Medical Content Management Concepts And A Roadmap To Support Clinical Decision Support Software In A Global Marketplace

By Charles Alcorn – Head of Data Science at Roche Molecular Systems

This post is adapted from a talk by Charles Alcorn – Head of Data Science at Roche Molecular Systems and describes medical content management concepts for the field of Oncology.



Roche is a pharmaceutical and diagnostics company that develops and produces pharmaceuticals and diagnostic services, many of which are related to cancer. Several years ago, Roche decided to launch a division that was responsible for developing clinical decision support software. This is software that is used at the point of care in the delivery of care to patients. What you find if you go into the typical oncology office is that there's a lot of data but the data is not very well organized. so often that data is fragmented. It's not readily available and there's an opportunity really in that space to improve the integration and use of that data.

The other thing that's happened with oncology over the past several years is that there's been a proliferation of new therapies and new tests and new opportunities for patients. Now we can identify genetic markers that are predictive of whether or not a patient's going to respond to a specific therapy.
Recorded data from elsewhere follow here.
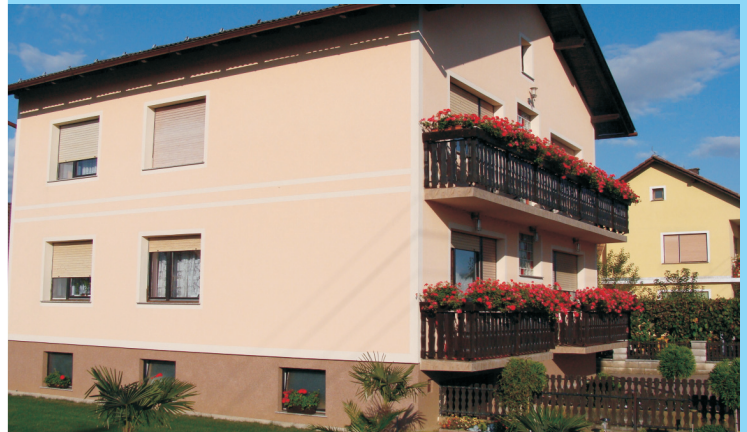
Družina Pilinger, Bukovci 7
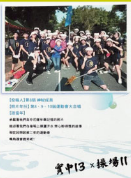
實中13 X 操場11
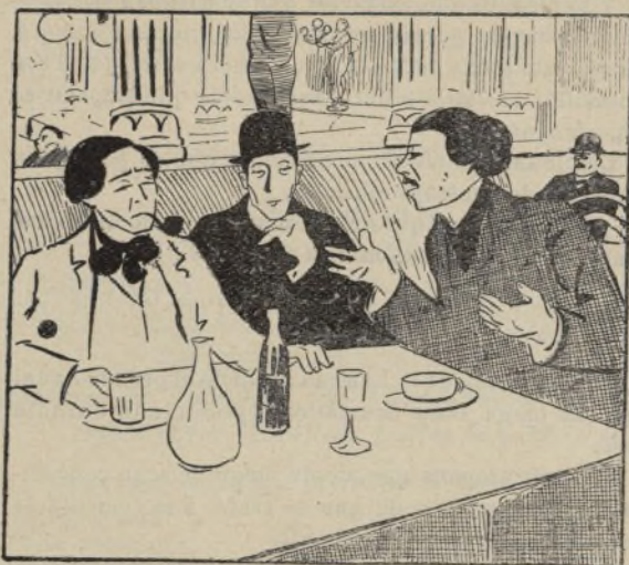
Literatos de «lista chica».

—Hemos estado á punto de sufrir una gran catástrofe. Si hubiesen convertido Fornos en grandes cuerdas, ¿dónde nos hubiéramos reunido?
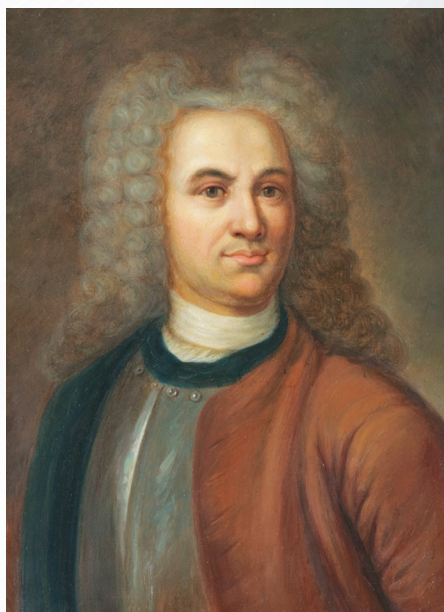
На фото: Татищев В.Н.

В начале 1720 г. Татищев получил назначение на Урал. Его задачей было определить места для строительства
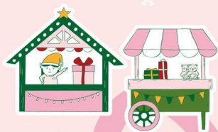
LE VILLAGE DE NOËL
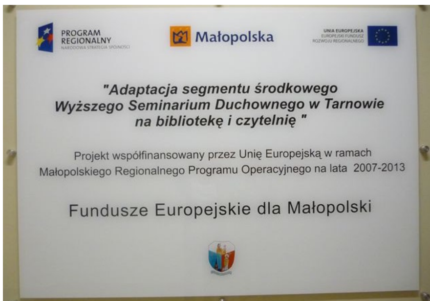
Tablica informacyjna dotycząca inwestycji
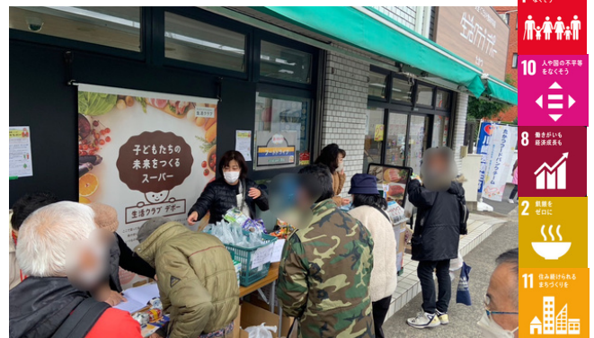
▲たかつデポ フードバンク
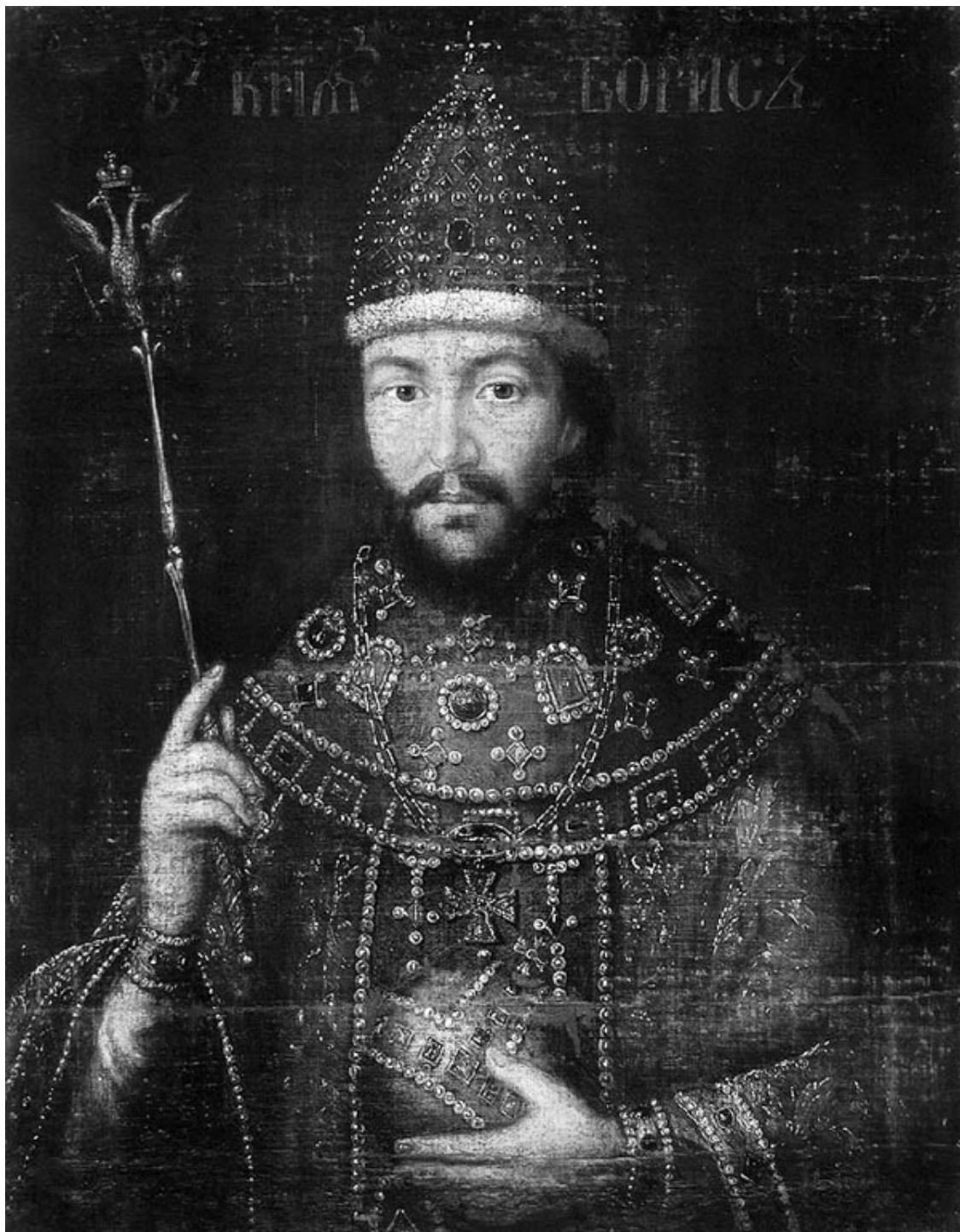
Парсуна с изображением Бориса Годунова. XVII–XVIII вв.

Мы представляем, как выглядели некоторые представители династии Рюриковичей благодаря парсунам, портретам, изображениям в Титулярнике (понятно, что многие из них даны с изрядной долей условности), скульптурам и даже реконструкциям по методу Герасимова – историка, предложившего способ восстановления облика человека по его черепу.

So this is one field of medicine where the amount of information has increased remarkably over time. Compared to the past (when in most cases the diagnosis of cancer meant a bad outcome) there's an opportunity now to manage patients, prolong their life, and to manage them based on their unique characteristics. 

As a consequence of that though there's a lot of information that has to be managed. As data scientists, we do this already – we create reference tables, we map data, we look for benchmark information, we do that informally as part of our data science analysis and development work. But when it comes to supporting applications, that process has to be more formalized because these applications are released on a regular basis and doctors are waiting for them.
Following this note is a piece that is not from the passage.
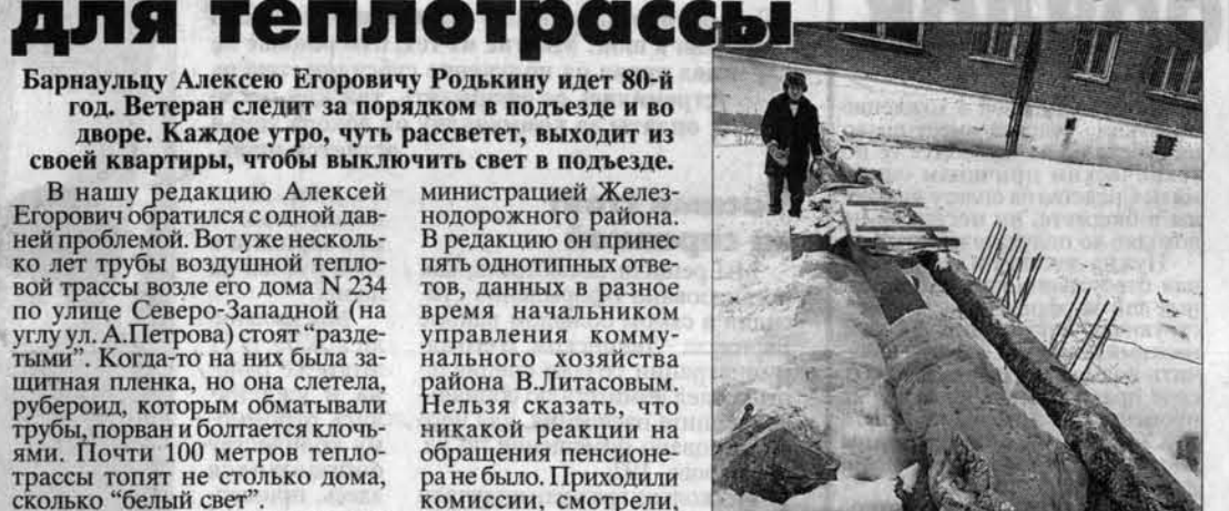
Одним матрасом не закроешь 100 метров теплотрассы.
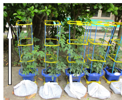
<ミニトマトの様子>

さて、5月には、学習のためにアサガオの植木鉢や種、ミニトマトの苗や土などを保護者の皆様を持ち帰っていただきました。約3週間が経ち、その成長がご家庭で観察できたのではないのでしょうか。私も時々、2年生の先生が植えたミニトマトの苗を見るのが楽しみになり、最近見に行くと、2倍以上の伸びで約60cmになっていました。これから植物の成長のように子供たちの元気な姿が見られるように学校再開の教育活動に努めてまいります。

Another issue or challenge that we've had at Roche is that we do business basically in all the countries in the world. You can imagine the treatment practices in Germany are going to be very different than those in the United States or in Saudi Arabia. So another thing that we need to incorporate is software that reflects the local marketplace – so when a doctor logs on to the software it's not giving them recommendations for the United States. it's giving them recommendations for their specific market. I'm going to give you some examples of that during the course of this talk.

First, let’s look at some background information on medical content management:  first of all, it extracts existing knowledge so we're not manipulating or changing the knowledge. This is data that's in published literature (e.g., clinical trial XYZ said that this drug in combination with this drug was more effective than an alternative scenario). We heard yesterday from Bloomberg there were some examples of them extracting information from financial reports – essentially we're doing the same thing. We’re pulling from the medical literature and published information. So that's one part of medical content management.
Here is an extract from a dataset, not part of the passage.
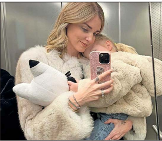
La influencer italiana Chiara Ferragni tiene 28 millones de seguidores en Instagram. Esta semana compareció por un juicio de estafa por hacer campañas promocionales engañosas.

En Chile, el Servicio de Impuestos Internos comenzó a fiscalizar a los generadores de contenido por los ingresos obtenidos. Comenzó como un plan piloto en 2022 y en 2025 ya se ha clasificado a 31 mil personas co-
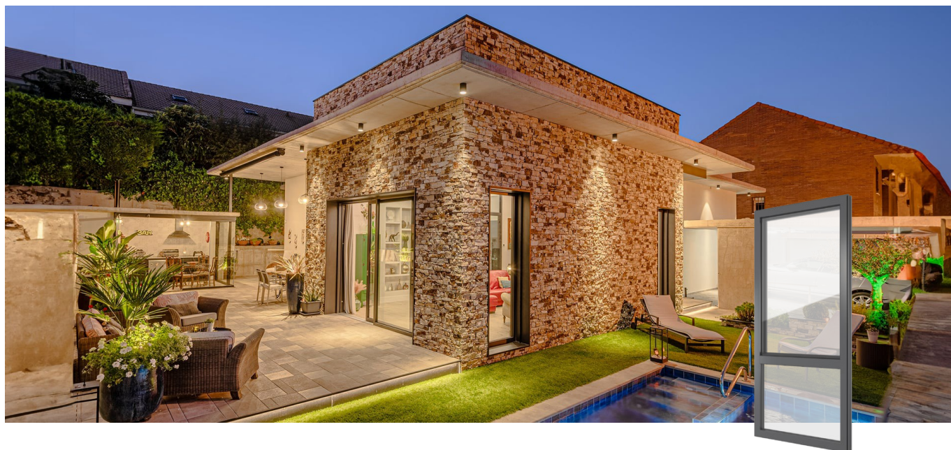
FIN-Project Nova-line 78/88 alluminio-alluminio

The second part is that we're building a database of knowledge. One of the things I mentioned in my abstract was that if an oncologist had to read all the literature that comes out every day or every week they would basically be spending all their time reading the literature. So we're taking that knowledge and  information and putting it in a common data set that can be easily accessed. That’s a key part of our goal.

The third item here is that the software is driven by product design and functionality across all of our products. We have a mutation profiler application that reports mutation information and therapies and what the response was. Physicians can access that information and can potentially identify a unique combination of drugs for their particular patient. We have a tumor board application this integrates all the data from the different sources. I showed it earlier – imaging, genetic test results, past therapy results, cancer stage, patient characteristics. It brings that data all in together and applies clinical or treatment guidelines to manage that patient.

The last two items here is that this is becoming a regulated space. We heard from the finance industry yesterday about the increase in regulations. The Food and Drug Administration is starting to regulate clinical software – they want to know what your processes are for managing information and using it. This is because they want to make sure that you know the information is reliable, accurate, and not biased in any way. So the process that's used for medical content management is important for that purpose.

Let me give some examples. Firstly, here in the middle we have medical content management, medical information, and medical knowledge. We're actually looking for the medical knowledge here – we know there's a lot of genetic tests available, we know a lot of information has been generated, but the real question is what's the relationship between those genetic tests and patient treatment and outcomes. So we're really focused in on the knowledge part and that's what we're actually extracting and putting in our database. 

I gave some examples here on on the left: updates to guidelines or treatment pathways, drug safety warnings, practice specific guidelines modifications, reimbursement and payment, extended indications (you may hear in the news on occasion drug XYZ that we used for lung cancer a year ago has now been approved to treat ovarian cancer – that’s an extended

indication), and extended treatment pathways (different patients that would benefit from that drug). These are some of the triggers that we're looking at in terms of managing our system. 

In terms of our architecture and design, we have all of our applications sitting here: oncology workflow, clinical trial matching guidelines. This is our back-end part of our architecture. We have a lot of manual data curation, which is actually extracting the data from the electronic health record. What you find with electronic health records is that often physicians put in notes but they don't use standardized fields. Part of our data enrichment is actually going on at the patient level and extracting that data and putting it in a structured environment to support these various applications. Sitting down here is medical content management, and in many ways those are the rules and the dimensions are the aspects of these applications. I'll give you an example in a moment as to how that would work.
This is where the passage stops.